** Opening EXERCISE INPUTS block **

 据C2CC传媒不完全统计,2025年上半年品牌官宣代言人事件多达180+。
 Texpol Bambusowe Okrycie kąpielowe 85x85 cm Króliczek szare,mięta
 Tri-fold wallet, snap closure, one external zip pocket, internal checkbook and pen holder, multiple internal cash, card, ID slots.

** Closing EXERCISE INPUTS block **
** Opening EXERCISE INPUTS block **

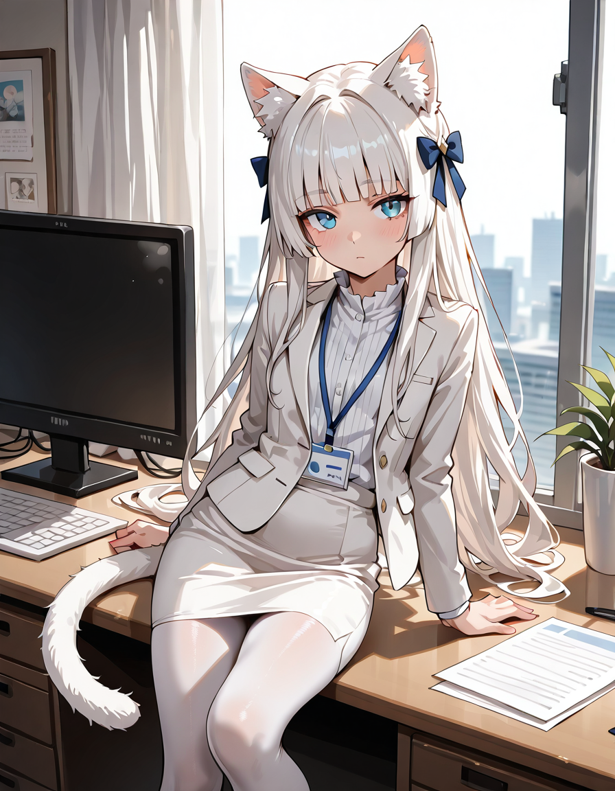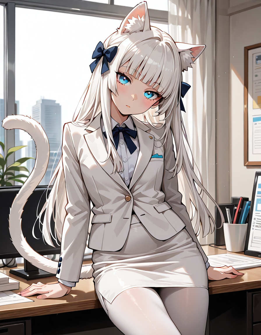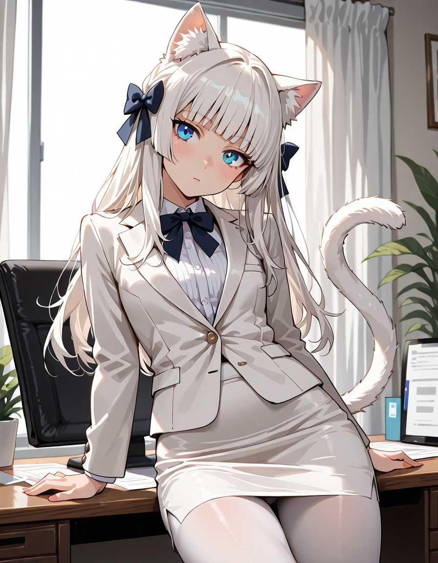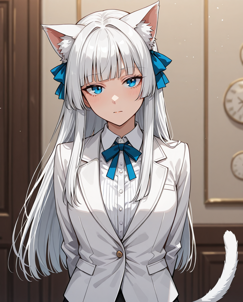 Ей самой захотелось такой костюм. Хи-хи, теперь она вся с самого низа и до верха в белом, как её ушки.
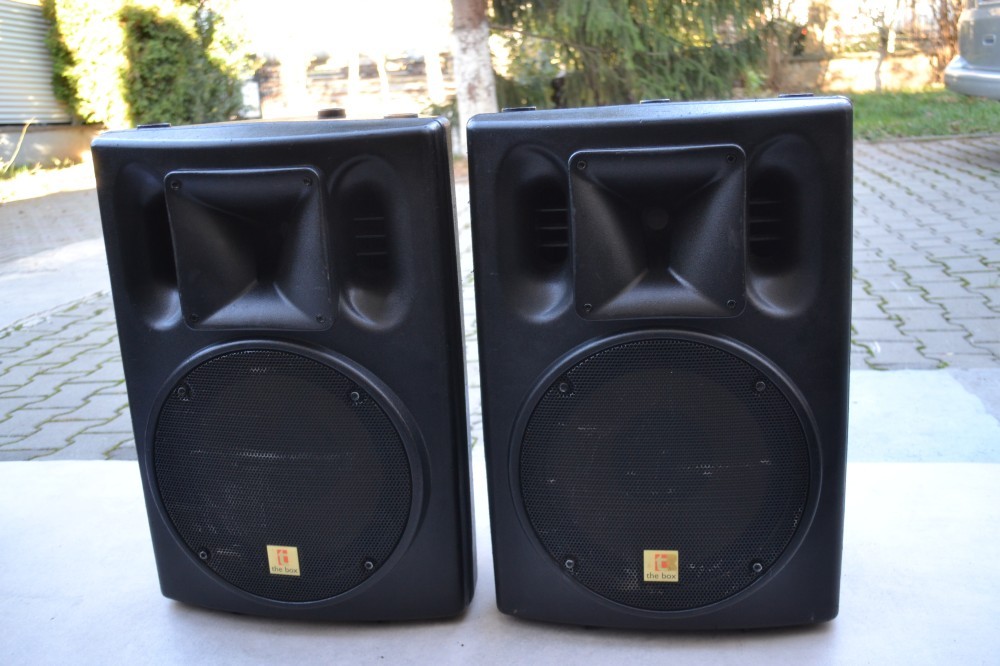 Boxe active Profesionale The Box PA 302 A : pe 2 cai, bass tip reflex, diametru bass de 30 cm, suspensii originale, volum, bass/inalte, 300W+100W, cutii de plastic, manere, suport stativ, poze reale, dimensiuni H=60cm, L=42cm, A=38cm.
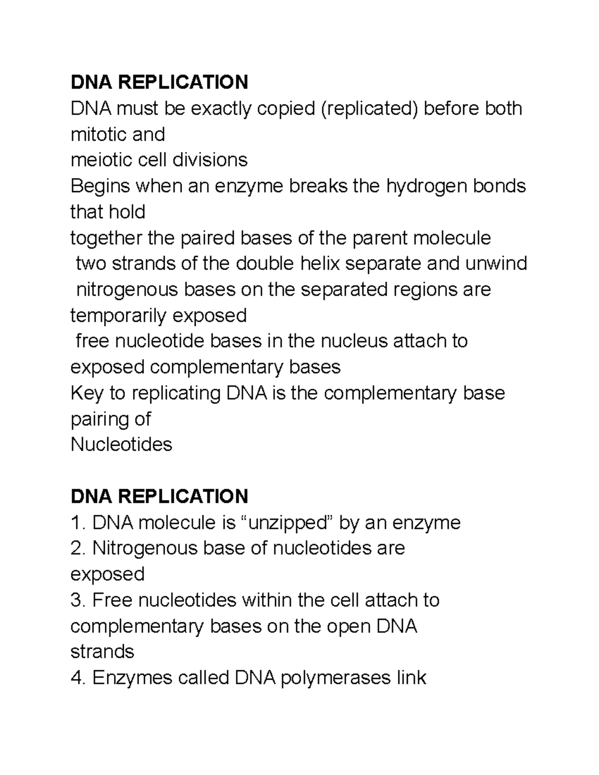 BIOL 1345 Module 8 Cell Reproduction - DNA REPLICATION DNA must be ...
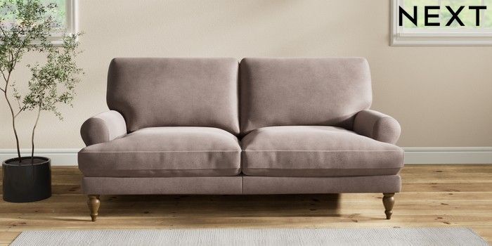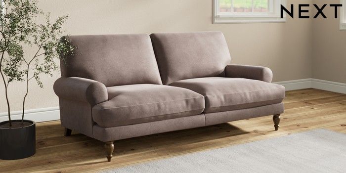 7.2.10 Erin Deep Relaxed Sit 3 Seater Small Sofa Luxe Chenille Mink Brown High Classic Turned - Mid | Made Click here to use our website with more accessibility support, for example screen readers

** Closing EXERCISE INPUTS block **

TASK TO COMPLETE -> In the listing above, find the line holding "Boxe active Profesionale" and the line holding "7.2.10 Erin Deep". Reproduce those two lines and all between them exactly, leaving out pictures.

WRITTEN SOLUTION ->
 Boxe active Profesionale The Box PA 302 A : pe 2 cai, bass tip reflex, diametru bass de 30 cm, suspensii originale, volum, bass/inalte, 300W+100W, cutii de plastic, manere, suport stativ, poze reale, dimensiuni H=60cm, L=42cm, A=38cm.
 BIOL 1345 Module 8 Cell Reproduction - DNA REPLICATION DNA must be ...
 7.2.10 Erin Deep Relaxed Sit 3 Seater Small Sofa Luxe Chenille Mink Brown High Classic Turned - Mid | Made Click here to use our website with more accessibility support, for example screen readers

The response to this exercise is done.